Fiora fixed him with a look.  “She tried to kill me outside the manor.  She says it was an accident, but even now there's murder in her eyes.  Don't pretend you can't see it.  I'm allowed to defend myself.”

“Jus'....  Maybe you can jus' not talk to each other.  I can't handle it, Fiora.  The anger, the demands, the lies, the pikin' hog-crap—“

He stopped himself, sucking in a ragged breath.  It was wrong to take out his frustrations on her.  Even if he couldn't let his responsibilities lapse, he had to keep them separate from how he treated his friends.

“Cob?” said Fiora softly.  “Are you all right?”

“'M fine,” he muttered.  “Fantastic.”

“Because you're squeezing me pretty hard.”

He let go immediately, chagrined, but she pulled his arm back into place just as fast.  “Don't,” she said.  “It doesn't have to be all or nothing.  It can be somewhere in the middle.”

“I—  I'm jus' tired,” he said, and tried to lay back.  As much as he wanted her, he wanted to be alone too.  Away from everything.

She let him, but then slithered on top, and he pretended it was her slight weight on his chest that made his breath come short.  Her curly hair tickled against his throat as she tucked her head under his chin.  “We can sleep,” she murmured.  “This is better than the floor though, if you don't mind.”
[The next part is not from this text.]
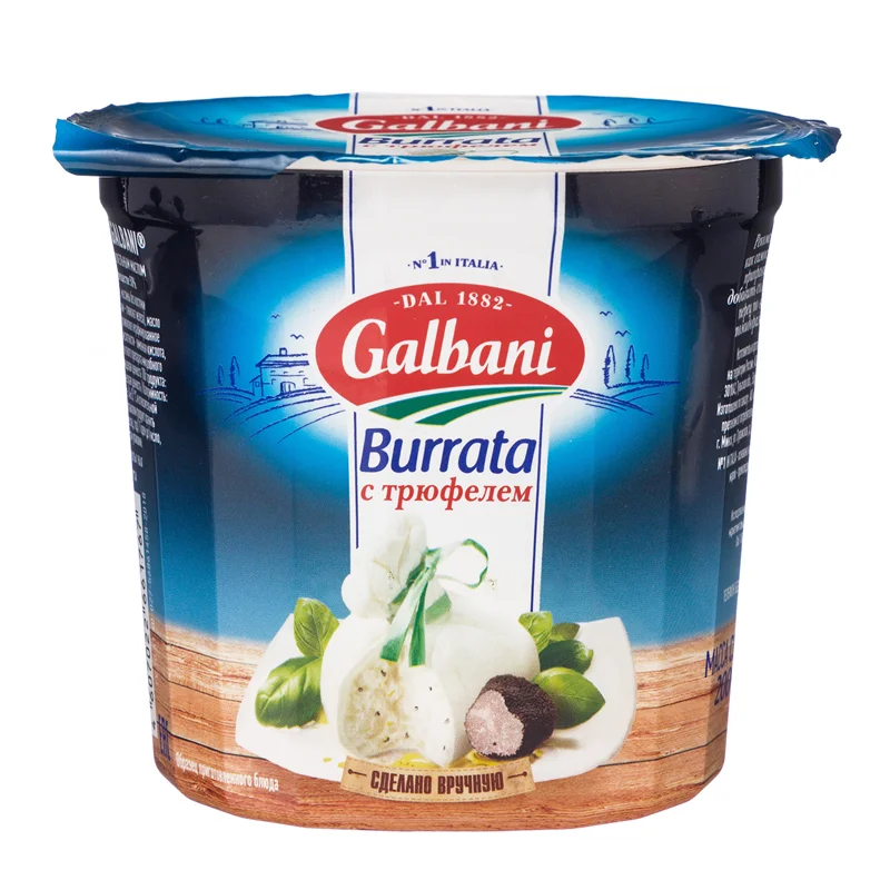 Сыр Galbani Burrata с трюфелем, 200 г мягкий, обладает нежной сливочной текстурой. Это продукт белого цвета с вкраплениями маслин и с добавлением трюфельного масла. У сыра легкий вкус, приятный аромат и длительное чуть сладковатое послевкусие. Продукт отлично сочетается с овощными салатами, особенно хорошо дополняет вкус помидоров. Сыр готов к употреблению, можно добавлять его в блюдо в исходном виде, а можно немного посолить, поперчить и сбрызнуть парой капель оливкового масла. Изделие поставляется в пластиковом стакане, который защищает его от посторонних запахов и солнечных лучей.

Her finger traced a line along his collarbone, and he swallowed thickly as the fire concentrated down below.  “Yeah,” he rasped.  “I don't mind.”
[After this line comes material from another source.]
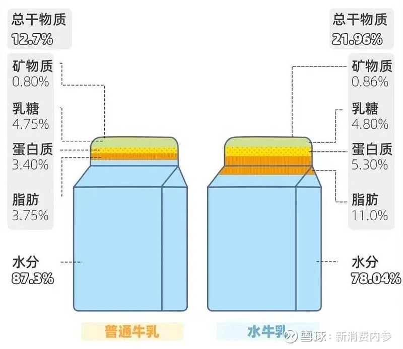 一来纯水牛奶成本高、继而定价会更高,为高价水牛奶买单的消费者也少;二来纯水牛奶乳脂含量过高,勾兑普通牛奶可调节营养配比,口感上也更去腻留香。

“Then I'll just get comfortable.”

He felt her sit up, and opened his eyes to find her lifting her tunic, rosy skin pale in the gloom.

They did not sleep.

 

*****

 

“He's so uptight, I don't know how she can stand it,” said Lark as the ward sealed.
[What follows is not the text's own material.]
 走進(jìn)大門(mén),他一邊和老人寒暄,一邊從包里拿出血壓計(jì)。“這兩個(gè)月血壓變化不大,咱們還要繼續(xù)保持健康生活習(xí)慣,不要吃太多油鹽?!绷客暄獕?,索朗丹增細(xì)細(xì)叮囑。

“Not enough anymore,” Dasira muttered.

Grinning, the Shadow girl elbowed her.  “You're so jealous.  What did I say earlier?”

Dasira scowled over her cup of tea.  Across the fire, Ilshenrir watched them like a carved owl; Arik was scraping the last of the stew from the small pot and groaning like a creature in pain.  “I'm not jealous,” she said.  “Arik, what is with you?”

“Too many vegetables,” said the skinchanger as he sank back with the spoon still hanging from his mouth.  He patted his stomach through the chiton, then stretched long furry legs.  “Must hunt later or I will be terrible, smelly company.”

“You already make everything smell like wet dog,” said Lark.  Arik pouted.  “But you,” she went on, pointing her cup at Dasira.  “You have some explaining to do.”

“What now?”

“I didn't want to get into it back when you and Fiora were yelling at each other, but seriously, you're wolf-kin?”

All eyes on her, Dasira sighed and shrugged.  “More snake, actually.  The northwestern clans border the swamp, so there's also lizard and wader and toad-blood.  But we're not skinchangers.  I've fought some, but I'd never talked to one until Arik.”